_Requirement_
Pictures excluded, output the lines of the data below between the one holding "深圳新闻网2025年12月2" and the one holding "Solid interior wooden", inclusive, exactly as they stand.

_Records provided_
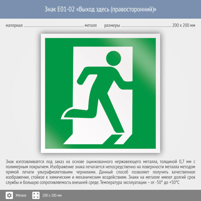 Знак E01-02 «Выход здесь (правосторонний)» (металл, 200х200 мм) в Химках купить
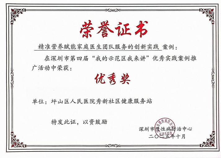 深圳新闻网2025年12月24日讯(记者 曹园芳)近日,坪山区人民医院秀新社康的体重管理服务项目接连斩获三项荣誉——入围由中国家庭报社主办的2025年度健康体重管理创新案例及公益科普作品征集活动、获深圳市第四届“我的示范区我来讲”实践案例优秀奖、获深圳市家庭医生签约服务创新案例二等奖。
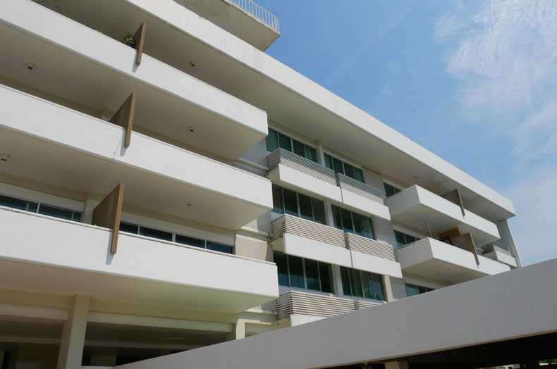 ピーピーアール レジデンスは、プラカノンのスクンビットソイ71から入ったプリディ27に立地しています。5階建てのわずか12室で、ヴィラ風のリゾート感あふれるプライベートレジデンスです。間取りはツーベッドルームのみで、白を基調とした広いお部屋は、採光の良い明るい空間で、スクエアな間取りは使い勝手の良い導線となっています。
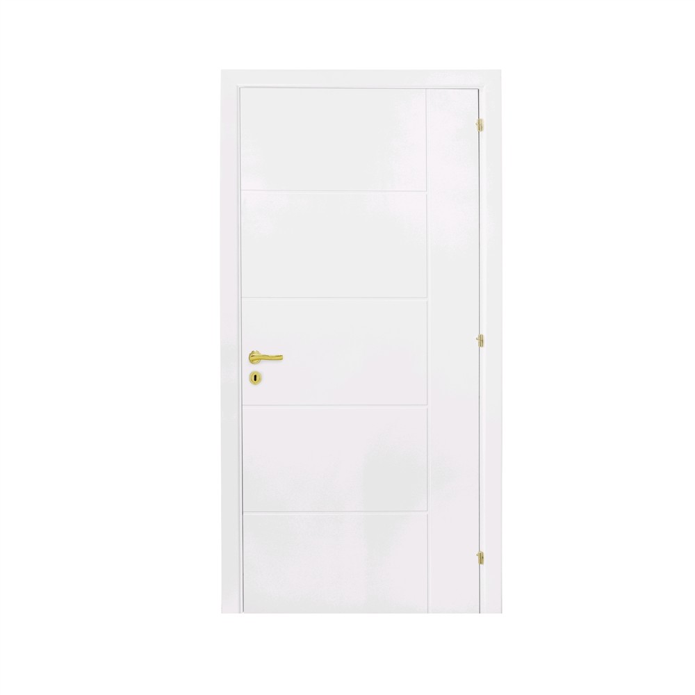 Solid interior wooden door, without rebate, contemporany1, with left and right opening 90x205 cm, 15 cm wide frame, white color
==
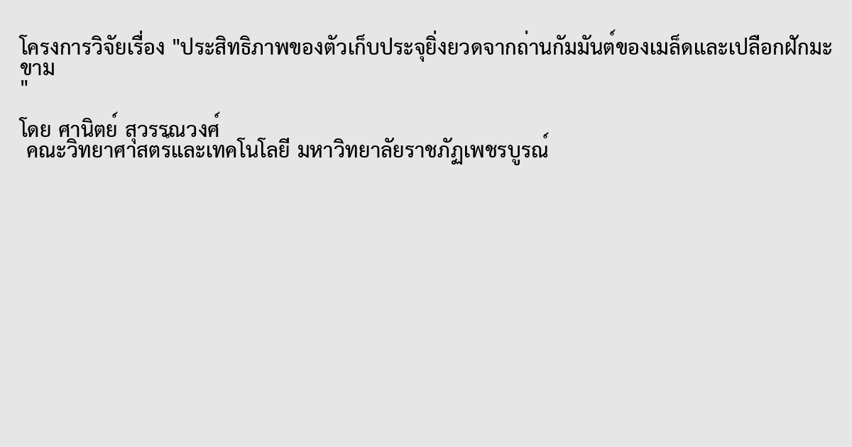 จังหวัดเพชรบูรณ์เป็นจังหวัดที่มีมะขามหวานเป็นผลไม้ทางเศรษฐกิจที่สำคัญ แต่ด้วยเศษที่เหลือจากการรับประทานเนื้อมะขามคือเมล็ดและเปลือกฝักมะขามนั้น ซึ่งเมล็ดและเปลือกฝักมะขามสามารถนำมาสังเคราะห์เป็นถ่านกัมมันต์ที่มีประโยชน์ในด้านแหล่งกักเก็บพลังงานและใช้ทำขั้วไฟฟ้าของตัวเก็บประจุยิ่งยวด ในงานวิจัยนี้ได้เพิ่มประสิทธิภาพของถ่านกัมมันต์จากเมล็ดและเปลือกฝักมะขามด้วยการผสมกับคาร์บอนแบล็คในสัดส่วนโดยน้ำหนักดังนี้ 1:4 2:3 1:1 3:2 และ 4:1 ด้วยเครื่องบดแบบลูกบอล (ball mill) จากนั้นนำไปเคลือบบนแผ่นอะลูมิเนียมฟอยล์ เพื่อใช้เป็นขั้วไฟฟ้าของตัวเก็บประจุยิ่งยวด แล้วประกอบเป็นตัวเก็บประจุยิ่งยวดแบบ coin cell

_Response area_
 深圳新闻网2025年12月24日讯(记者 曹园芳)近日,坪山区人民医院秀新社康的体重管理服务项目接连斩获三项荣誉——入围由中国家庭报社主办的2025年度健康体重管理创新案例及公益科普作品征集活动、获深圳市第四届“我的示范区我来讲”实践案例优秀奖、获深圳市家庭医生签约服务创新案例二等奖。
 ピーピーアール レジデンスは、プラカノンのスクンビットソイ71から入ったプリディ27に立地しています。5階建てのわずか12室で、ヴィラ風のリゾート感あふれるプライベートレジデンスです。間取りはツーベッドルームのみで、白を基調とした広いお部屋は、採光の良い明るい空間で、スクエアな間取りは使い勝手の良い導線となっています。
 Solid interior wooden door, without rebate, contemporany1, with left and right opening 90x205 cm, 15 cm wide frame, white color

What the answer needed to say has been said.